Doing that, you can avoid selecting more than once (although it's trivial in terms of speed as long as you store your selection vector rather than re-calculate).
Here's a solution using apply:
myMatrix1 <- data.frame(sampleIDs=c(19990224,20000224),begin=c(4,5),finish=c(5,6))

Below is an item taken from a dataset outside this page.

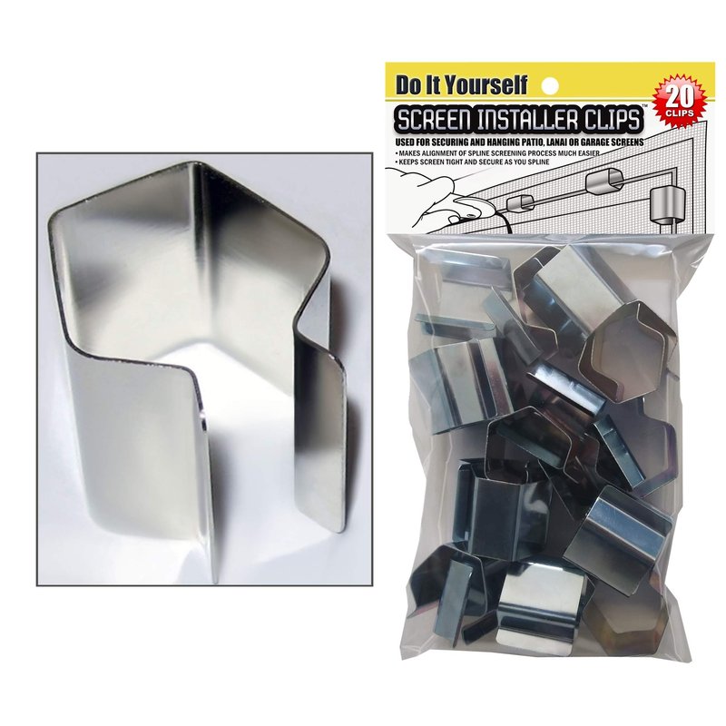 - The "Original" Screen Installer Clips: This package contains 20 Screen Installer Clips that will assist you with installing and fixing Window/Door Screens. This makes the process much easier and makes this a 1 person job. The Screen Installer Clips will save you time and effort when installing patio, lanai, porch , window, door, and garage screens. Recommended to use with Plastic Screen Rollers to avoid rips!

myMatrix2 <- data.frame(begin=c(0,11),finish=c(10,367),sed=c(1.002,2.01),boreWidth=c(.014,.056))
glommer <- function(x,myMatrix2) {
x[4:5] <- as.numeric(myMatrix2[ myMatrix2$begin <= x["begin"] & myMatrix2$finish >= x["finish"], c("sed","boreWidth") ])
names(x)[4:5] <- c("sed","boreWidth")
return( x )
}
> t(apply( myMatrix1, 1, glommer, myMatrix2=myMatrix2))
sampleIDs begin finish sed boreWidth
[1,] 19990224 4 5 1.002 0.014
[2,] 20000224 5 6 1.002 0.014
I used apply and stored everything as numeric. Other approaches would be to return a data.frame and have the sampleIDs and begin, finish be ints. That might avoid some problems with floating point error.
This solution assumes there are no boundary cases (e.g. the begin, finish times of myMatrix1 are entirely contained within the begin, finish times of the other). If your data is more complicated, just change the glommer() function. How you want to handle that is a substantive question.